I've just fitted my new lockset to my R32 today, and the key's got stuck in the ignition. 

It is an auto, so obviously you have to have it in 'Park' to be able to remove it from the ignition. As I've just fitted it today, I thought I would have a see how the electrics are working for the first time since I got it.
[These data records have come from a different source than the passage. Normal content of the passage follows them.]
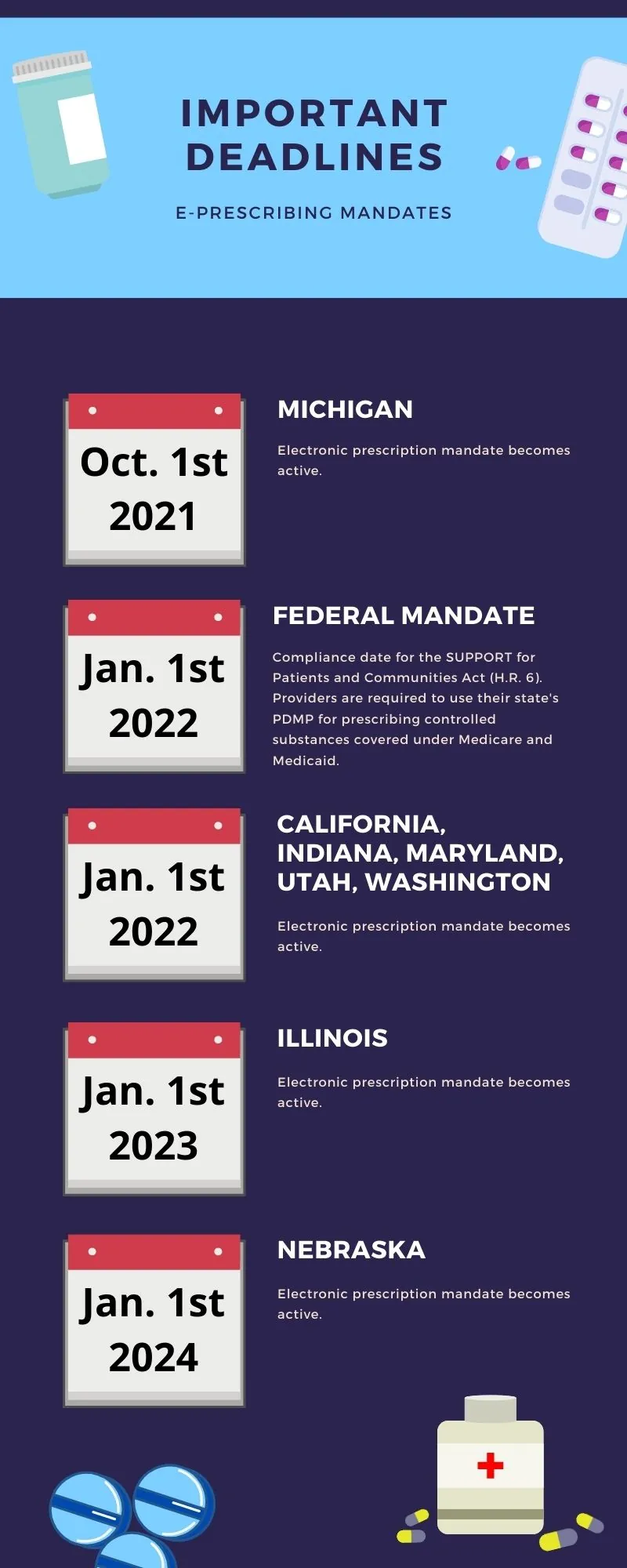 The deadline for federal e-prescribing mandates is just around the corner. Starting January 1st, 2022, providers are required to use their state’s prescription drug monitoring program (PDMP) for prescribing controlled substances covered under Medicare and Medicaid. This according to the SUPPORT for Patients and Communities Act (H.R. 6) passed in 2018.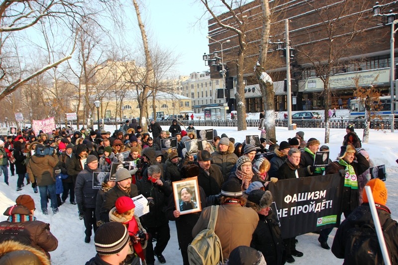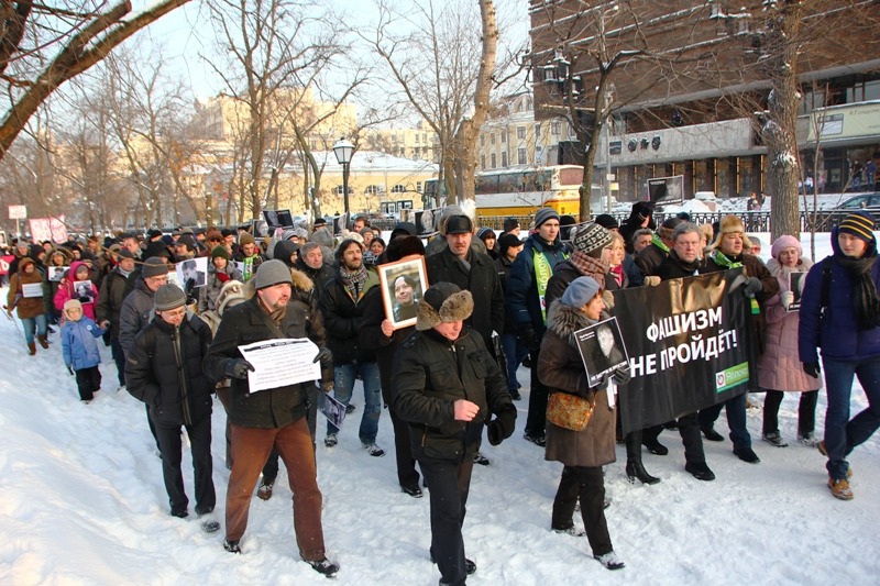 Party activists held a banner “Fascism will not go” and photographs of the killed Stanislav Markelov, Anastasia Baburova, Yury Schekochikhin, Farid Babayev, Anna Politkovskaya and Larissa Yudina.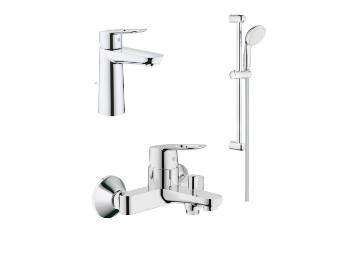 Набор смесителей Grohe BauLoop M-Size 123215M - хорошее дополнение к любой современной ванной комнате. Набор включает в себя смеситель для ванны BauLoop (32815000), смеситель для раковины BauLoop (23762000), душевой гарнитур New Tempesta 100 (27598001). Качественное хромированное покрытие, защитное силиконовое кольцо на лейке и плавный ход рычагов - бесспорные преимущества набора, которые продлят срок эксплуатации.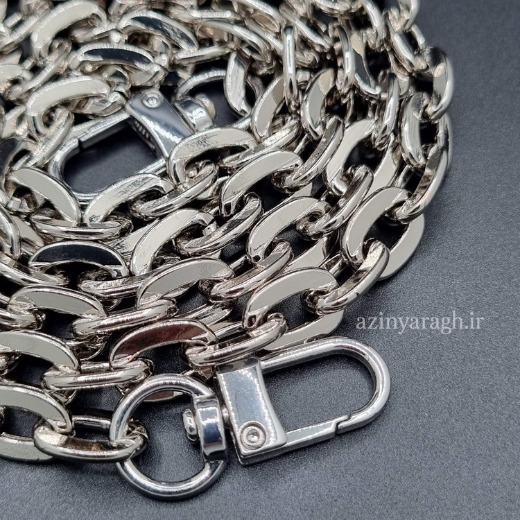 زنجیر بند کیف نقرهای با طراحی کلاسیک، مناسب برای افزودن جلوه شیک و مدرن به کیفهای دستی و شانهای. ساخته شده از آلیاژ باکیفیت با روکش نقرهای براق، مقاوم و سبک.

Turn's out the key is stuck now! 

Any help is much appreciated. 

Thanks,
-Elliot


----------



## IanH (Nov 23, 2002)

On US autos you have to turn the key forward 1 notch to release it (so turn it all the off then turn 1 click forward/on), hope that helps.


----------



## MattPayne (Apr 11, 2002)

you have pressed the little button on the ignition barrel to let the turn all the way back havent you...


----------



## IanH (Nov 23, 2002)

Same as the Pulsar is it?


----------



## Crail Loser (Jan 11, 2003)

Does it not have a cable which releases the key attached to the gear shift lever.

You can adjust it from the gear lever area, when you push the level all the way forward into park it shoves the cable which releases the key, it can usually be adjusted from the lever area.

Sorry but I have never worked on an auto one but that system is very popular on other Jap cars.


----------



## MattPayne (Apr 11, 2002)

Just been out to have a look at my car...

yes key can only be removed in park... the release mechanism is operated by the gearshift button... ie. keys locked in ignition, lever in park, but gearshift button still pressed in... key locked... release button - click - key released...

do you have power in your car?? im thinking its electrically controlled...


----------



## R34_GT-t (Oct 29, 2001)

Hi,

Cheers for the help guys. 

I've just got it fixed. It turns out that there is a little tiny lever next to the 'Press' button which is orange at the end. This moves from side to side (Kind of like the one on the boot), and has stopped it from being removed. I just flicked it back again, and now it's all fine and dandy. 

Thanks for the help guys, couldn't have done it without you. 

Cheers,
-Elliot


----------



## R34_GT-t (Oct 29, 2001)

Hi Matt,

Cheers for that mate.  I don't know how that little orange lever works which I found, but I have my sus****ions (SP?) that it is to do with the gear shift lever as you suggested. 

I'll just keep my eye on it for now. If it does it frequent, I will have to investigate further. 

Cheers,
-Elliot


----------